- **Task description**
Return, with both end lines included, exactly what the data below holds from the line with "The AI Designer" through the line with "A bright and", though not the pictures.

- **Material provided**
+--
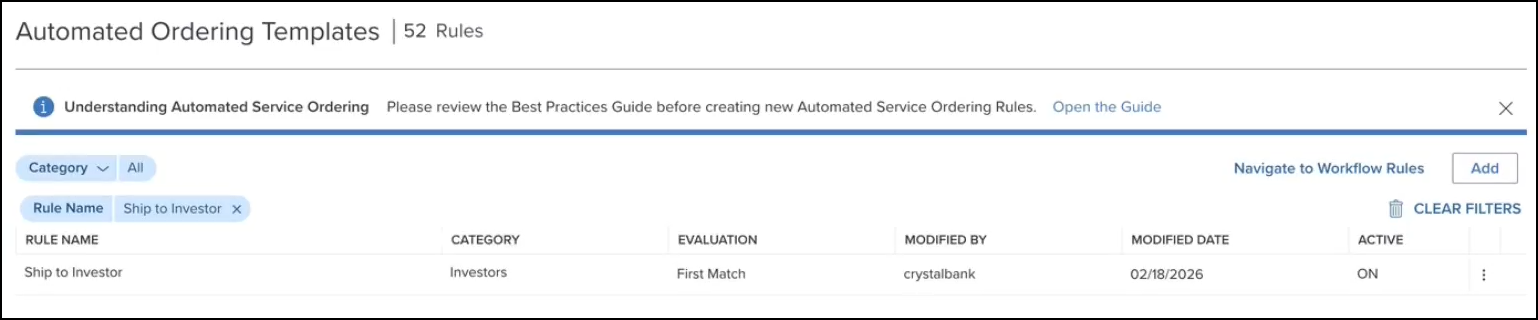 On the Investor Rule page, enter the following information. (Please note, instead of a new template, the screenshot below shows an existing automated ordering template.)
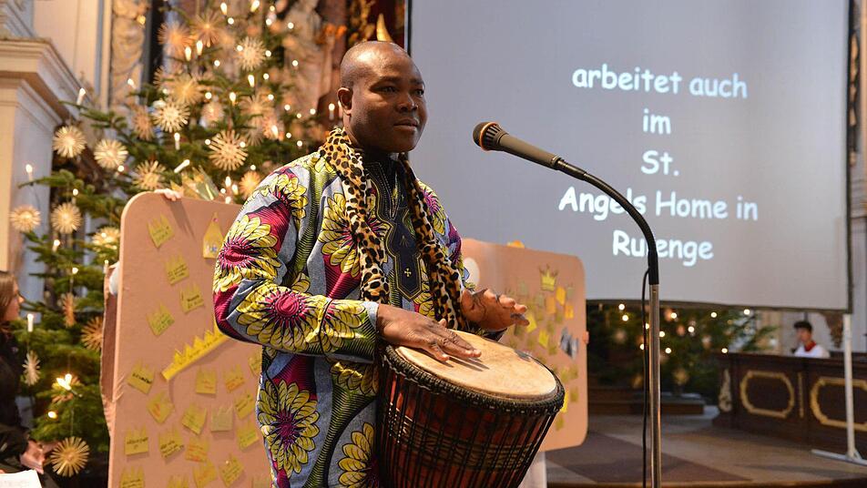Für afrikanische Sonne sorgte der Sänger und Trommler Alexis Madokpon auf der Pilgertour durch Bamberg. Präzise und gekonnte Schläge auf der Djembe gaben den Sternsingern ihren Marschtakt vor. Im Dom übernahm die Dekanatsjugendband aus Auerbach mit schwungvollen Liedern den Rhythmus.
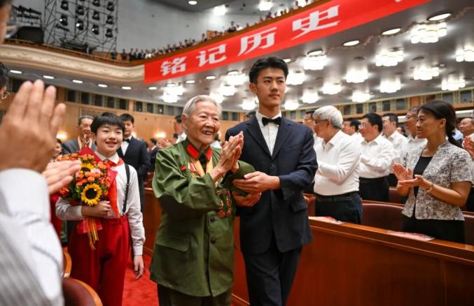 9月3日晚,纪念中国人民抗日战争暨世界反法西斯战争胜利80周年文艺晚会《正义必胜》在北京人民大会堂隆重举行。图为抗战老战士老同志代表来到大礼堂观众席就座,全场起立报以热烈掌声。 新华社记者 谢环驰 摄
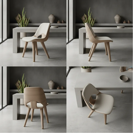 The AI Designer That Understands Your Aesthetic. Upload your brand ethos, material palette, or inspiration boards. Our AI becomes your creative director, applying your design principles to generate cohesive furniture forms across categories—chairs, tables, storage. Every generated concept will be 100% aligned with your collection's design DNA.
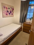A bright and comfortable single bedroom with private en-suite bathroom (with bathtub) available in a clean, modern flat in Stratford.
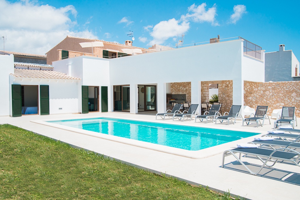 APPROXIMATE DISTANCES BY CAR: S’Horta is a typical inland village of just 1,000 or so inhabitants. It offers a few cafeterias, two small supermarkets, a café-bar, a bank and a church. A short 5 minute drive towards Cala Ferrera is the beautiful sandy beach Cala Sanau. The larger resort of Cala D’Or with several sandy beaches, a pedestrian centre with a wide variety of shops and restaurants and its impressive harbour is only 5km away. Porto Colom is a beautiful fishing town about 6km and offers sea front restaurants and more sandy beaches. Golfers will love the ‘Vall D’Or Golf’ that’s just a 10 minute drive from the villa.
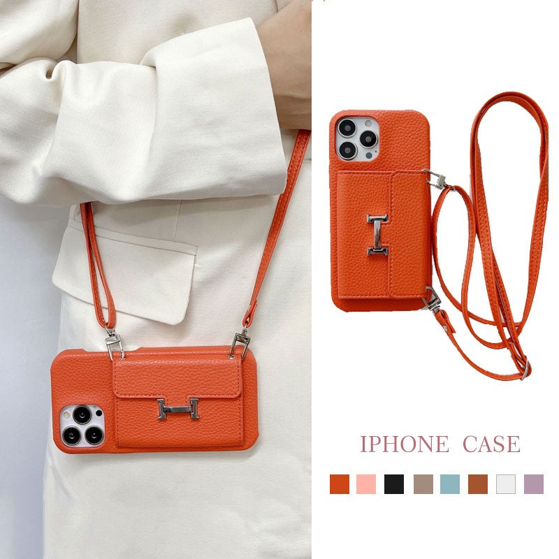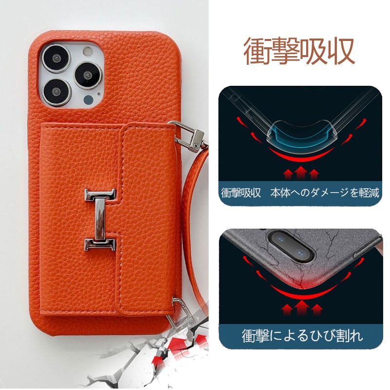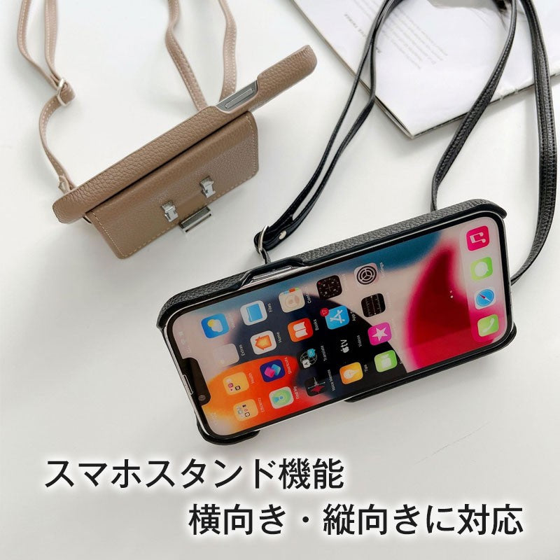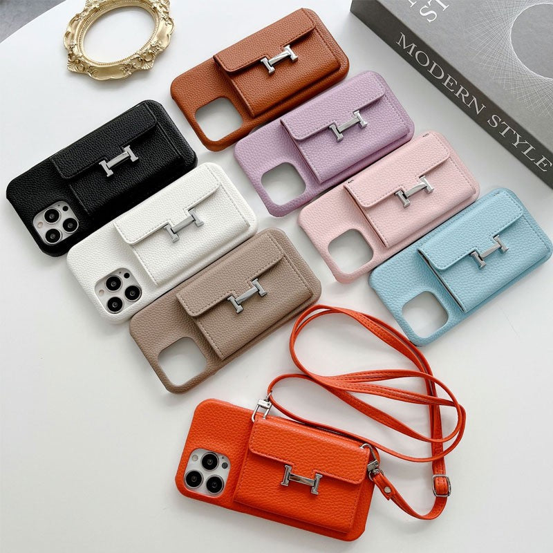 ライチ模様レザー製スマホケース&H型留め具付きカードケース
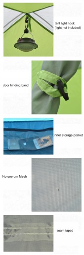 Аксесуари: 8 кілочків для намету, 4 мотузки
+--
- **Problem solution**
 The AI Designer That Understands Your Aesthetic. Upload your brand ethos, material palette, or inspiration boards. Our AI becomes your creative director, applying your design principles to generate cohesive furniture forms across categories—chairs, tables, storage. Every generated concept will be 100% aligned with your collection's design DNA.
A bright and comfortable single bedroom with private en-suite bathroom (with bathtub) available in a clean, modern flat in Stratford.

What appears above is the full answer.